Egalitarianism at Work

11:12 AM

I’m guessing little kids love me. Or maybe I’m just a sucker for cute little boys who really, really want to play with me and promise undying best friendship if I comply. I cain’t say no. Who could?

That’s how I ended up following my little man around our church playset, up and down the slide, up and down the slide, up and down the slide—did I mention I was his wife? And he would leave me up at the top of the slide, keeping house, while he slid down and went to work.


Then one day, thirty seconds later, he climbed up into our slide house and shoved me down the slide—“Now you go to work.”

“Oh, we’re going to be an egalitarian household, are we?” (as I flew down—we broke up several minutes later, though it involved much heartache on my part to see him following me around, begging me to keep playing).

And of course he didn’t know what “egalitarianism” meant. (Neither did anybody else around me, though I heard attempts at explaining it while I followed my treacherous little husband back up the slide for more fun. It’s the fourteen letters.)

I mentioned in Sundays post that the question of egalitarianism is not just theoretical to me; and besides adding a dramatic flair, I was dead serious. Feminism I can handle—it and me part ways like water and oil. Egalitarianism—not so much. It’s far easier to be neutral and ambivalent—work if you want, stay home if you want, do whatever your want—and not take a stand either way. It works its way close to you and the ones you love.

Especially when it comes to the marriage relationship.

“Well, Bailey, pardon—you’re not married.”

I know. It’s weird, but the current state of Christian marriages really does dampen a girl’s hopes. It hurts to see marriages crumble over this issue of stay-at-home—go-to-work. I’ve cried over it—and I was crying for myself just as much, begging God equally to spare me as much as her.

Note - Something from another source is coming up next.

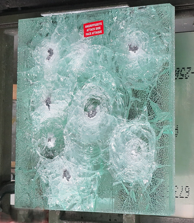 When ballistic or bullet glass is tested, it has to undergo a varying number of shots under controlled conditions. The number of shots and the spacing of the shots is dependent upon the test classification. For instance, in general terms, BS EN1063 testing requires 3 shots at 120mm spacing but an NIJ IV test would require only 1 shot. Further, EN 1063 European testing requires angle shots when the glazing unit is installed in a frame system (still attempting to find areas of weakness) whereas NIJ or UL 752 ballistic testing requires only ‘straight on’ shots.
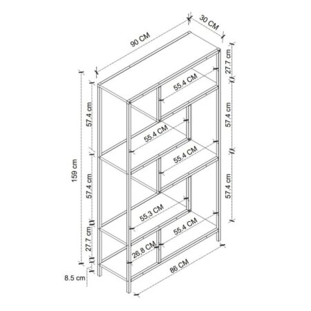 Βιβλιοθήκη Paleo λευκό μελανίνη 150.8x28x150.8εκ

All over an issue that’s been touted as women’s rights, that claimed to liberate us to pursue our own opinions and passions.

I’ve learned, though, that this egalitarianism business hurts true passion and conviction. How does it help feminism, that flatly denies the “weaker” aspect of women’s nature? How does it help the wife who truly believes that staying home and keeping the home is best? It doesn’t recognize that there are two different visions behind both ideologies and that they both have different consequences.

Christian chivalry nowadays emphasizes the woman’s decision—go off what she wants and what she desires, especially in this area of work. No decently raised Christian young man would think of suppressing his wife’s desires—who cares if she works? Who cares if she stays home, especially when children are involved? Our mothers and grandmothers before made like decisions, with no ill consequences. “Go ahead, honey—I’ll support you.”

And then she’s tired from screaming kids, tired from working long hours, tired of slaving thanklessly in the house, tired of balancing work and home. But whatever her decision, her protector is off the hook. That was her decision. That is her problem.

And that’s what they’ve been groomed to believe, even though it’s wrong to the core. A husband ought to take some stand, to have some vision in what his wife is doing—whether working outside the home or staying home.

I picture myself in the kitchen for four hours, trying to whip something scrumptious and in the end beating myself to floor after some ridiculously simple cooking conundrum. I’m tired. I’m lonely. The baby woke up from the nap again and is currently screaming as my protector walks through the door.

I’m not marrying someone whose response is, “I’m sorry you had a bad day, baby”—*kiss*—off to take a nap. He better sit me down fast and tell me I am above self pity, because I am doing kingdom work. He’s got to have a vision. That’s what being a protector and spiritual leader is all about.

I got a question—more a rhetorical question—from one of my all-time favorite commenters. And it got me thinking, because it really points out just what the issue is.

What about, she said, if one’s husband feels called to a career that does not initially make enough money to support a wife and family? Should one require that a man give up his dreams [that he may believe God has given him] in order to allow his wife to follow traditional gender-roles? Maybe a man shouldn’t get married until he can support a family financially.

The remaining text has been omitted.